▼▼▼

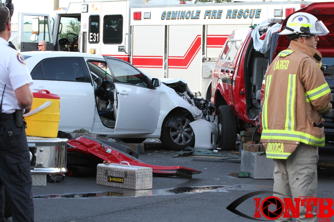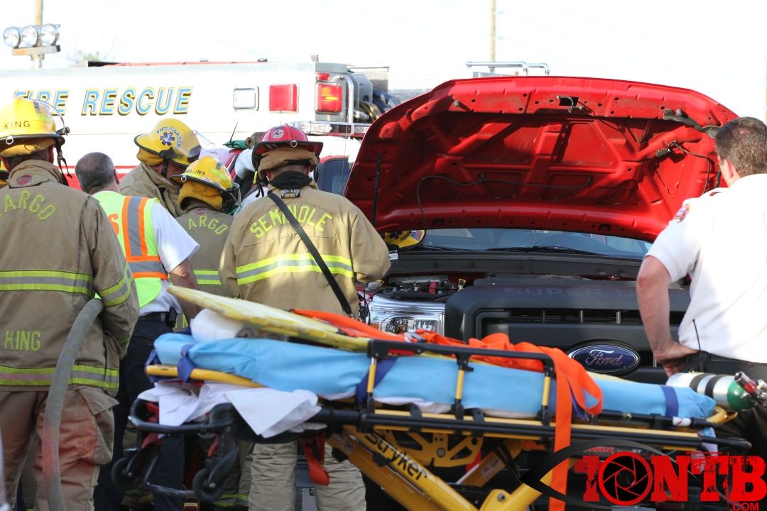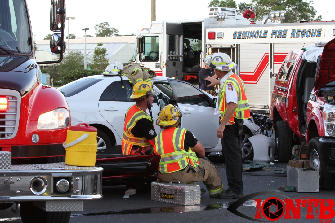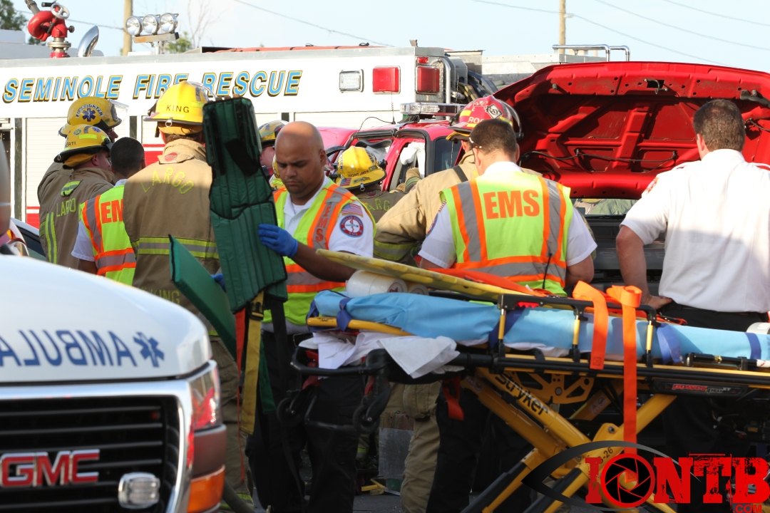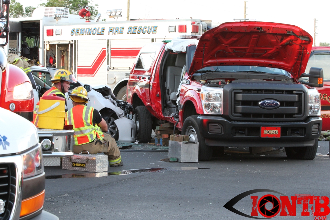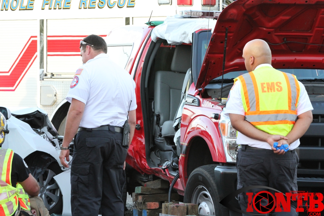 The District Chief was a passenger in the vehicle and needed to be extricated from the vehicle. Â The vehicle was severely damaged by both the impact and the extrication process. Â The female driver of the other vehicle did not appear to be injured. Â The District Chief was transported by ground to Bayfront Medical Center for further evaluation via Sunstar. Â His injuries not did appear to be serious at the time.
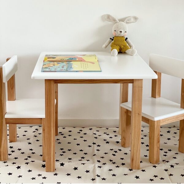 Mesa realizada en madera maciza paraíso, con las tapa en blanco laqueado. Para jugar, dibujar y divertirse!!
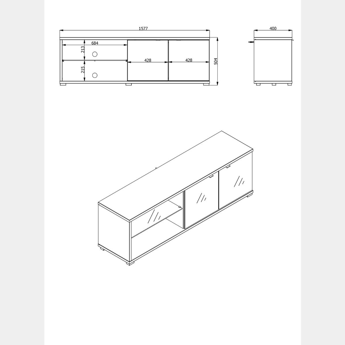 Il mobile porta tv è dotato di un ripiano centrale in vetro che crea due vani a giorno cui è possibile inserire la luce led, gli schienali sono dotati di fori passacavi. Sulla destra si trovano ante dotate di piccole maniglie in alluminio che riprendono i piedini squadrati.
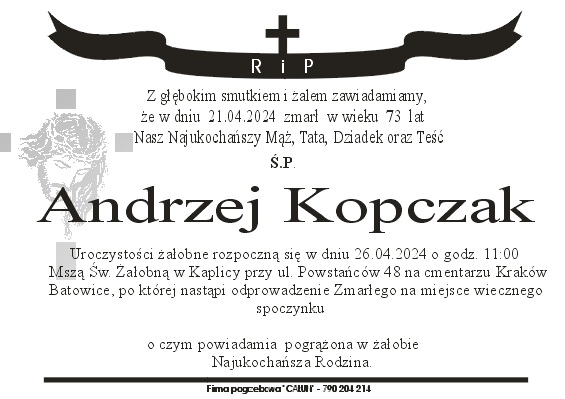 Pogrzeb śp. Andrzeja Kopczaka odbędzie się w dniu 26 kwietnia 2024 r. Nabożeństwo żałobne o godz. 11:00 w Kaplicy przy ul. Powstańców 48 na cmentarzu w Krakowie Batowicach. Sprawdź szczegóły uroczystości pogrzebowych klikając w klepsydrę… Modlimy się za dusze śp. Andrzeja, a rodzinie zmarłego składamy kondolencje.
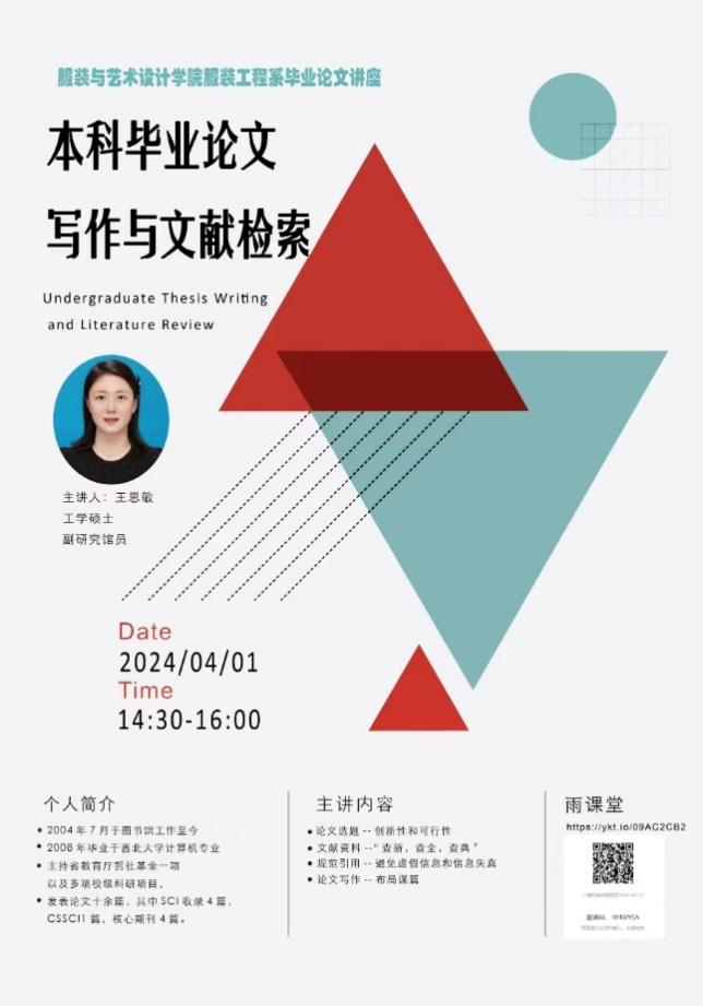经过这次深入浅出的讲座,服装设计与工程专业的学生们对于毕业论文写作的各个环节,特别是文献检索与分析应用方面,有了更深刻的理解和牢固的掌握,为他们后续高质量完成毕业论文打下扎实基础。

▲▲▲

◆ PROBLEM DESCRIPTION
Look above for the line with "Mesa realizada en", then print it and each line after it down to and including the line with "Il mobile porta". Leave out the pictures and keep the wording exact.

◆ ANSWER
 Mesa realizada en madera maciza paraíso, con las tapa en blanco laqueado. Para jugar, dibujar y divertirse!!
 Il mobile porta tv è dotato di un ripiano centrale in vetro che crea due vani a giorno cui è possibile inserire la luce led, gli schienali sono dotati di fori passacavi. Sulla destra si trovano ante dotate di piccole maniglie in alluminio che riprendono i piedini squadrati.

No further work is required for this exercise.